- What to do: From the data that follows, print exactly the lines starting at the one containing "Период кампании: 08.12.2011" and ending at the one containing "豐收大秧歌、龍騰腰鼓隊(du"; include both of them and nothing more.

- Task material:
===============
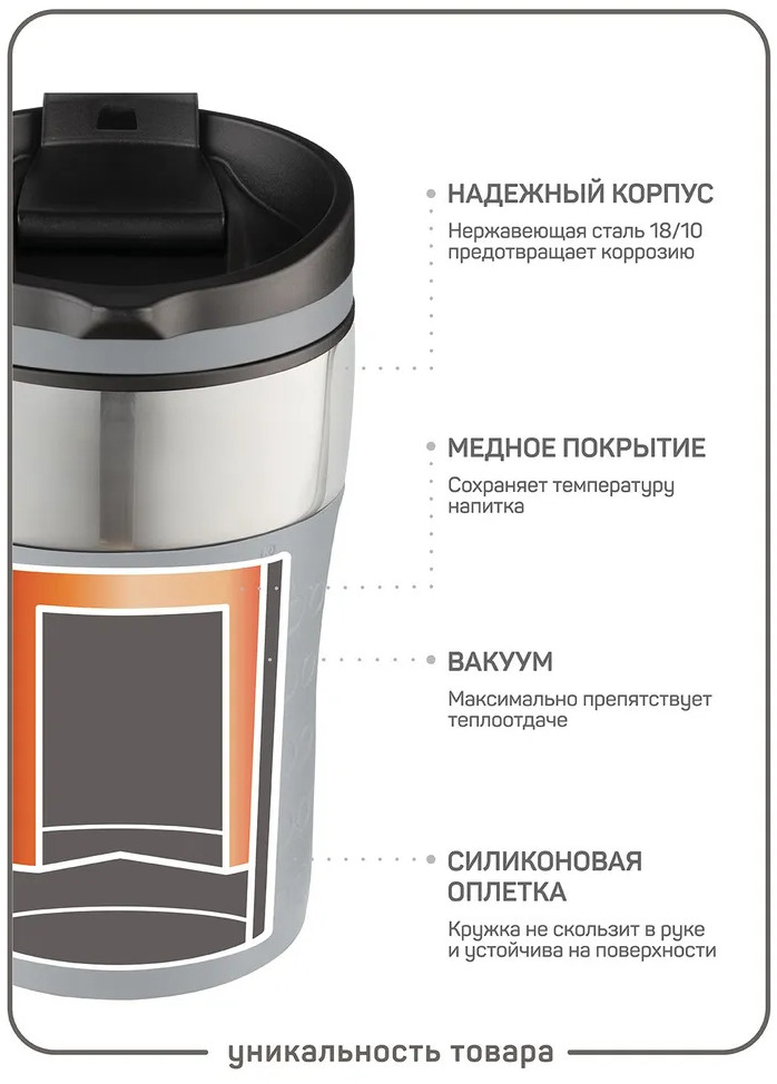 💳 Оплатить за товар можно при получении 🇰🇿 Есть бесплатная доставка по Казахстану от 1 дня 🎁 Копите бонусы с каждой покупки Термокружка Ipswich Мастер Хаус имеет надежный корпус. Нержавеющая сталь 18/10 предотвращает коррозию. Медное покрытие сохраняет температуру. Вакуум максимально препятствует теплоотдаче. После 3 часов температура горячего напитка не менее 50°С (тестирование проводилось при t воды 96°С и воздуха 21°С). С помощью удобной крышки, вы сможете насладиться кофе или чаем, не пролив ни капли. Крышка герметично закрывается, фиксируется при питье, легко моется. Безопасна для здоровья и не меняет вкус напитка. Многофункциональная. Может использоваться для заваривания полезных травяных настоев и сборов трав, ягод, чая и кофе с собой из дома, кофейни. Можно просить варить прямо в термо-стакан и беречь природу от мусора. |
===============
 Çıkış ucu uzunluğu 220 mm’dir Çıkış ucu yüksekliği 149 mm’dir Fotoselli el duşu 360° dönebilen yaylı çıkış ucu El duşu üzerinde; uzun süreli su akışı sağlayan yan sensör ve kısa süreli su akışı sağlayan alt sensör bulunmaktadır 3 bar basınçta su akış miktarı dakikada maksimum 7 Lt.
===============
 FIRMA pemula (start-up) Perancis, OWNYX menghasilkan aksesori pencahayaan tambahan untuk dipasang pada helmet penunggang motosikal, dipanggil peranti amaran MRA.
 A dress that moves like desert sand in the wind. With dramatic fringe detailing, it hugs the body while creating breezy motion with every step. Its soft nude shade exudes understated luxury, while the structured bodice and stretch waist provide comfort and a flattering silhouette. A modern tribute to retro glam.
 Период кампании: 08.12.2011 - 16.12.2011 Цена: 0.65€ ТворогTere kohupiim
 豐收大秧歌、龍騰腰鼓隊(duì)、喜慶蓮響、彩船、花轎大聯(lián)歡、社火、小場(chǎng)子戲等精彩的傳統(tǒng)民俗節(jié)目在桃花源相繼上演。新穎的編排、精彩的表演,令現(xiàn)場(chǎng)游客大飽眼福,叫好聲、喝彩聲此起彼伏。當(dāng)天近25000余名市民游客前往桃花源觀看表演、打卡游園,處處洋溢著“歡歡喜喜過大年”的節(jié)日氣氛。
===============
- Exercise output:
 Период кампании: 08.12.2011 - 16.12.2011 Цена: 0.65€ ТворогTere kohupiim
 豐收大秧歌、龍騰腰鼓隊(duì)、喜慶蓮響、彩船、花轎大聯(lián)歡、社火、小場(chǎng)子戲等精彩的傳統(tǒng)民俗節(jié)目在桃花源相繼上演。新穎的編排、精彩的表演,令現(xiàn)場(chǎng)游客大飽眼福,叫好聲、喝彩聲此起彼伏。當(dāng)天近25000余名市民游客前往桃花源觀看表演、打卡游園,處處洋溢著“歡歡喜喜過大年”的節(jié)日氣氛。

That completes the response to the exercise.